Body and “Soul”
JULY 2005
The human soul. It is invisible. Undetectable by any human means. We now have technology that includes X-rays, CAT-scans, MRI, ultrasound, oscilloscopes, infrared photography, spectrometers, colorimeters, pyrheliometers—we have “meters” out the wazoo. All these and more augment our own human senses: sight, hearing, touch, smell and taste. Still, the thing is imperceptible and thoroughly invisible. But the majority of the human population nevertheless is convinced that it exists. They believe there is such a thing as the human “soul.”
The desire for a “soul” is easy to understand. We know that our bodies die and decompose, just like all other animals. But we don’t want to be just like all other animals. Who wants to stay dead? Surely we are far more important than other animals. Surely we are connected somehow to the eternal Cosmos. Surely we have a “soul.”
It is one huge philosophical leap to go from wanting something to stating categorically that the something exists. With zero proof, how did we end up doing that very thing in so many cultures in so many eras? That’s fairly easy to answer. Ego. The human ego knows few bounds. My, we’re important!

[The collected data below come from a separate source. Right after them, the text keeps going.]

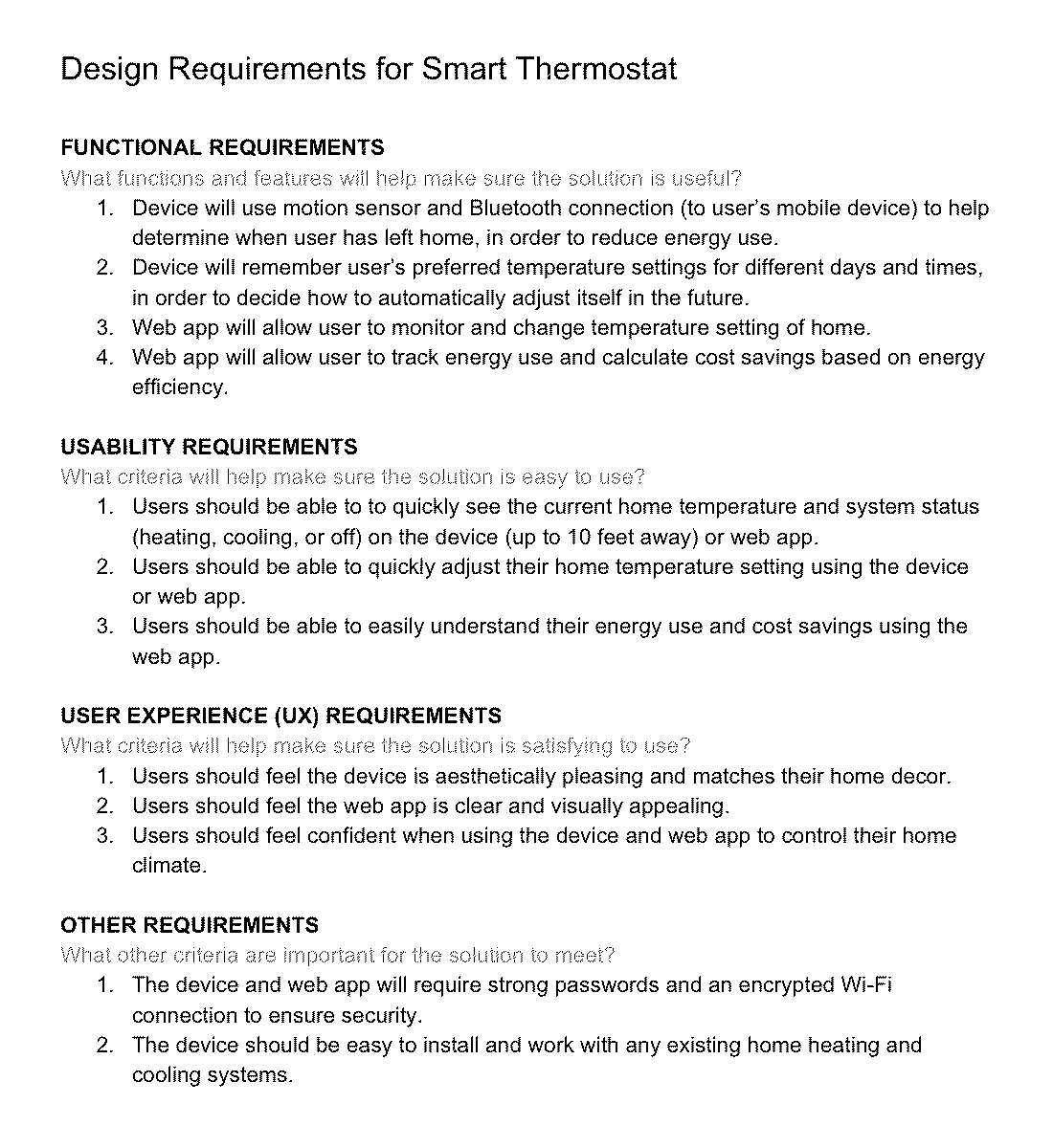 Design requirements are clear, complete, and measurable. Requirements are informed by team's previous research and ideation. Requirements provide useful guidance for designing effective solution.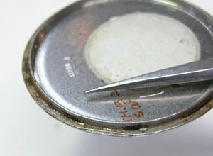開け口は・・・!!凄いサビ。裏蓋の裏側もチェックして。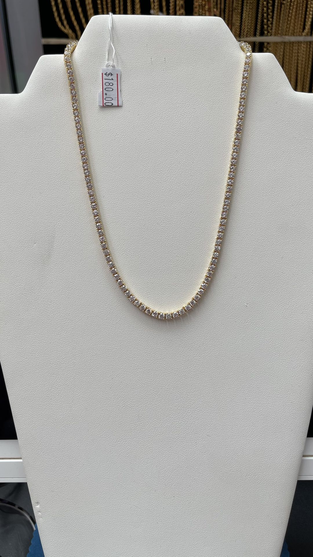 Real 925 gold plated sterling silver tennis chain 16 inch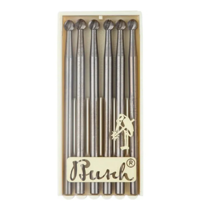 Busch Tungsten Vanadium Steel Round Burs 3/32" Shank (Pack of 6)Enhance your precision work with Busch Round Burs, expertly engineered from premium tungsten vanadium steel for superior performance. Designed specifically for stone setting, deburring, and cl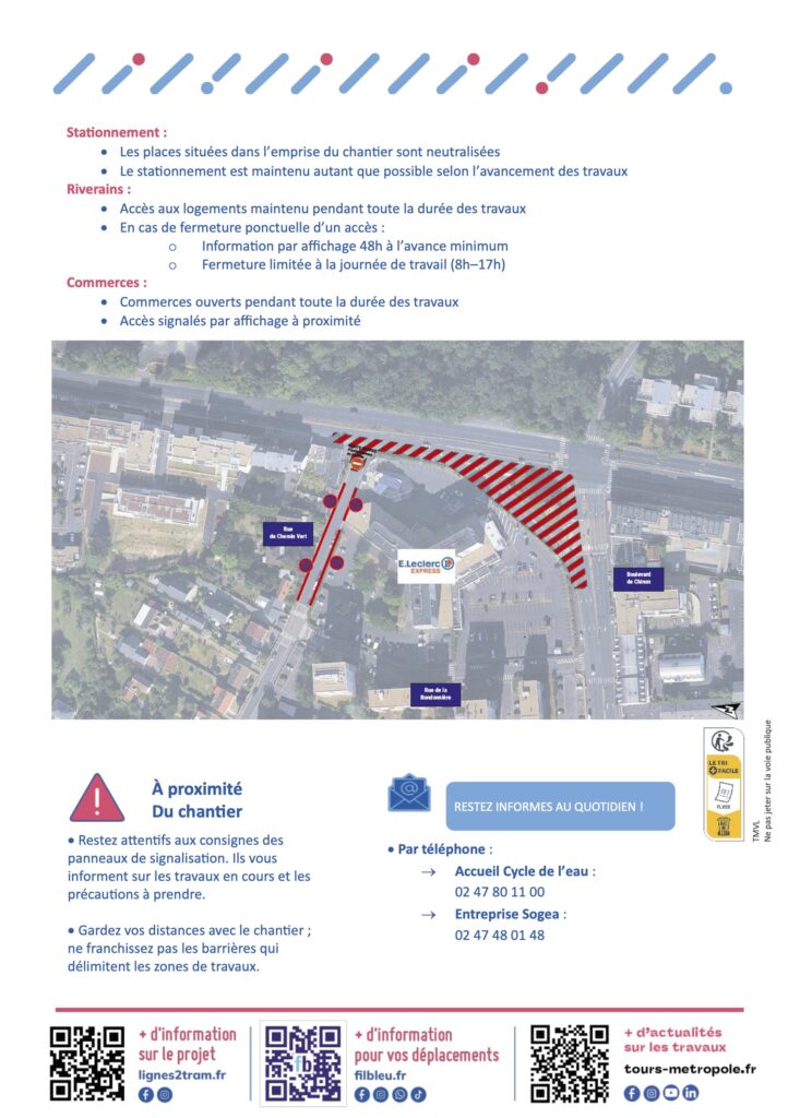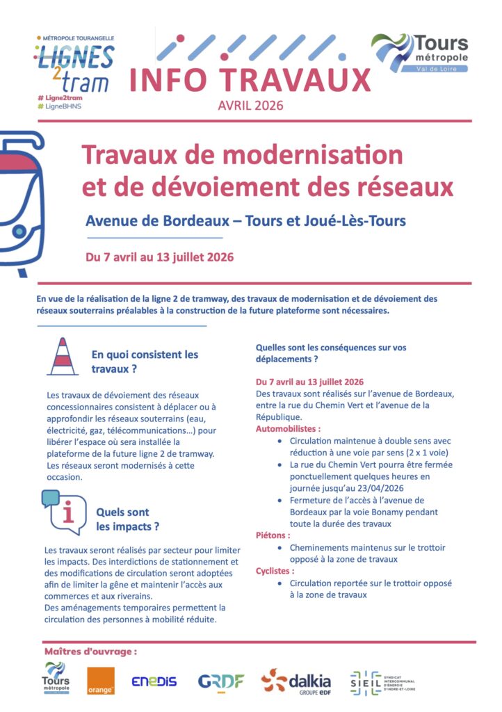 En vue de la réalisation de la ligne 2 de tramway, des travaux de modernisation et de dévoiement des réseaux souterrains préalables à la construction de la future plateforme sont nécessaires. Des perturbations sont donc à prévoir Avenue de Bordeaux à Tours et Joué-lès-Tours jusqu’au 13 juillet 2026.

The ancient Egyptians had multitudinous funereal rites and the ruins that are still decipherable concern themselves, to a great extent, with the afterlife. From the moment a Pharaoh began his/her reign, the building of the burial site was underway. It was almost as if this life was little more than a springboard for the next. And the ordinary, everyday Egyptians took heart in the fact that their Pharaohs were gods, meant to live eternally, because that (somehow) made them eternal. Everlasting life was almost contagious, like the common cold. We humans have made little progress in understanding human nature since the days of Pyramid-building, over 4,000 years ago. I guess hope springs eternal.
But hope is not fact. Yet even modern dictionaries treat that “soul” business as if it were a given:
soul (sol) noun
1. The animating and vital principle in human beings, credited with the faculties of thought, action, and emotion and often conceived as an immaterial entity.
2. The spiritual nature of human beings, regarded as immortal, separable from the body at death, and susceptible to happiness or misery in a future state.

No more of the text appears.